IFUS market Update. Seems the wild climate change, weather driven drought that is causing the need for a new low cost super healthy IFUS livestock feed source, has now turned into a disaster in SD killing 60,000 cattle from a record blizzard. Hard to grow anything in the way of new livestock feed in this kind of weather.

http://www.chicagotribune.com/news/sns-rt-us-usa-cattle-blizzard-20131008,0,3341315.story

(Reuters) - Disaster aid will be slow to come for South Dakota ranchers who lost as many as 60,000 head of cattle during an historic blizzard over the weekend, industry officials said on Tuesday.

Cattle died of hypothermia or suffocated under snowdrifts after a "perfect storm" brought rain, then record snowfall and strong winds to the portion of the state west of the Missouri River, said Silvia Christen, executive director of the South Dakota Stockgrowers Association.

"It's anyone's guess how drastic this loss will be. The cattle were soaked to the bone. Then the wind and really heavy snow started - it just clung to them and weighed them down," Christen said.

"Many of them just dropped where they were walking," she said, adding that at least 5 percent of the roughly 1.2 million cattle in the western third of South Dakota likely perished.

South Dakota is the sixth largest U.S. cattle producer with about 3.8 million head. The United States has about 89 million head of cattle - its smallest herd in 61 years.

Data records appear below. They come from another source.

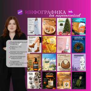 Здравствуйте! Меня зовут Дарья и я сертифицированный дизайнер инфографики для маркетплейсов! Если Вам нужна помощь в...
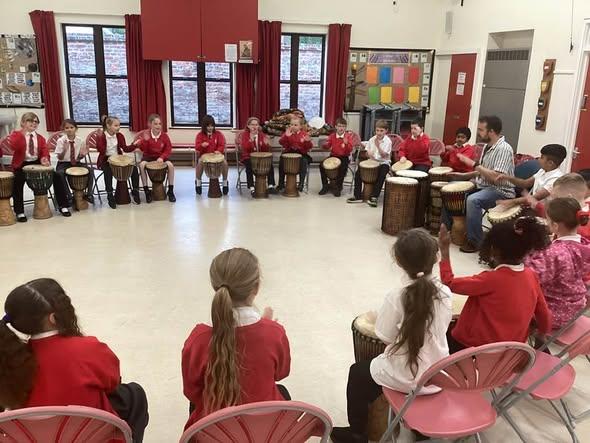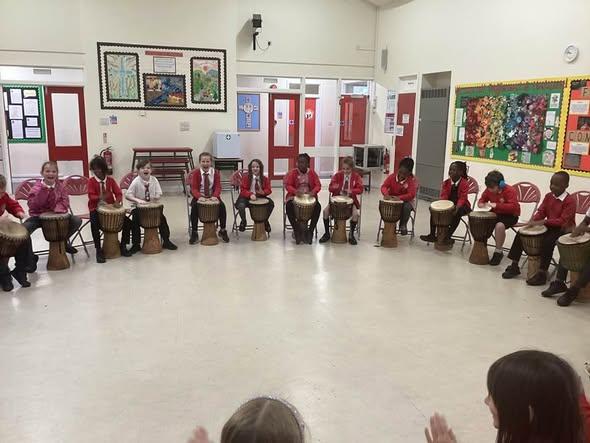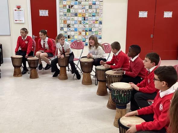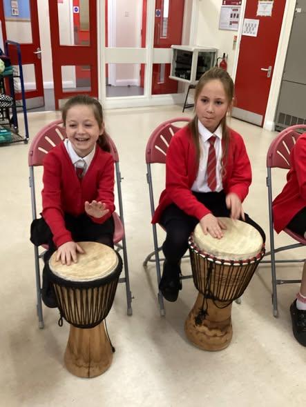 We were incredibly lucky to have been given a grant by The Blackdown Choir to enable us to all take part in an African drumming workshop. The children had a blast:
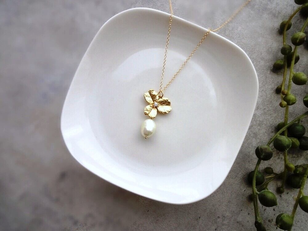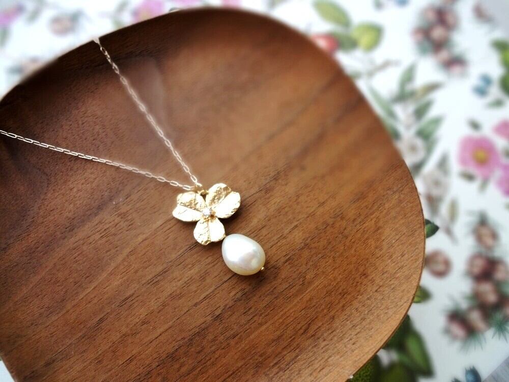 本物の三つ葉のクローバーのような、ゴールドのパーツの中央に、小さなキュービックジルコニアが輝くモチーフ。その三つ葉のクローバーに不定形の淡いグリーン色の淡水パールを一粒、合わせたペンダント。
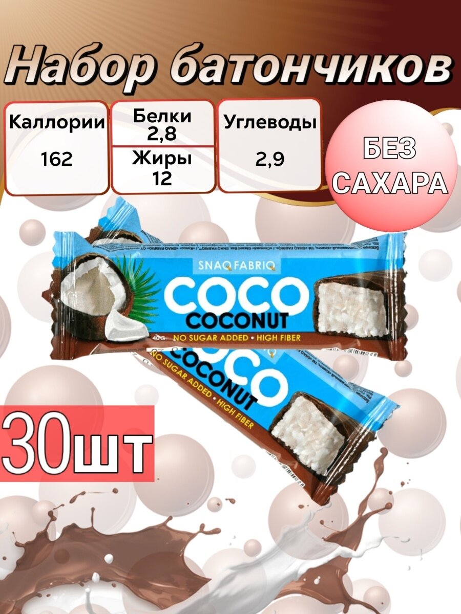 Кокосовые батончики Snaq Fabriq сосо в шоколаде без сахара "Кокос", 30шт х 40г
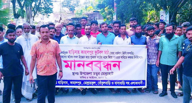 বাগেরহাটের মোল্লাহাটে হাড়িদাহ, কাহালপুরের ঐতিহ্যবাহী ফুটবল খেলার মাঠ ভূমিদস্যদের দখল মুক্ত করতে এলাকাবাসীর বিক্ষোভ ও মানববন্ধন অনুষ্ঠিত হয়েছে।
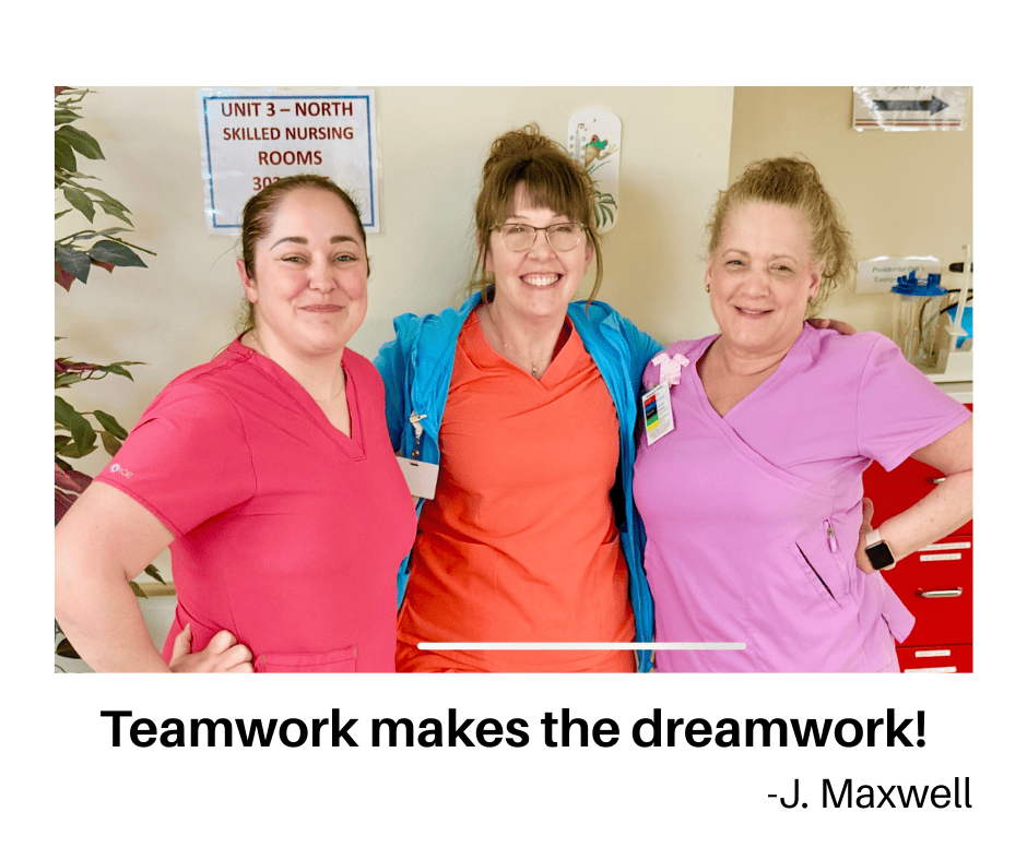 “When I first started working here, I couldn’t believe how welcoming and friendly the staff were. I enjoy working here because it really is one big team, and we all help each other and have fun doing it! It doesn’t feel like a sterile, clinical place. It is welcoming and people and residents here are wonderful!!” ~ Emily Godfrey, MNA

"In Rapid City, in the west-central part of the state, 19 inches of snow fell smashing a nearly 100-year old record for accumulation in October, according to the National Weather Service.'

"For the cattle, the storms came too early in the season for the animals to grow their heavier winter coats. Many of the dead included young calves ready to be marketed as well as cows pregnant with calves that would have been born in the spring."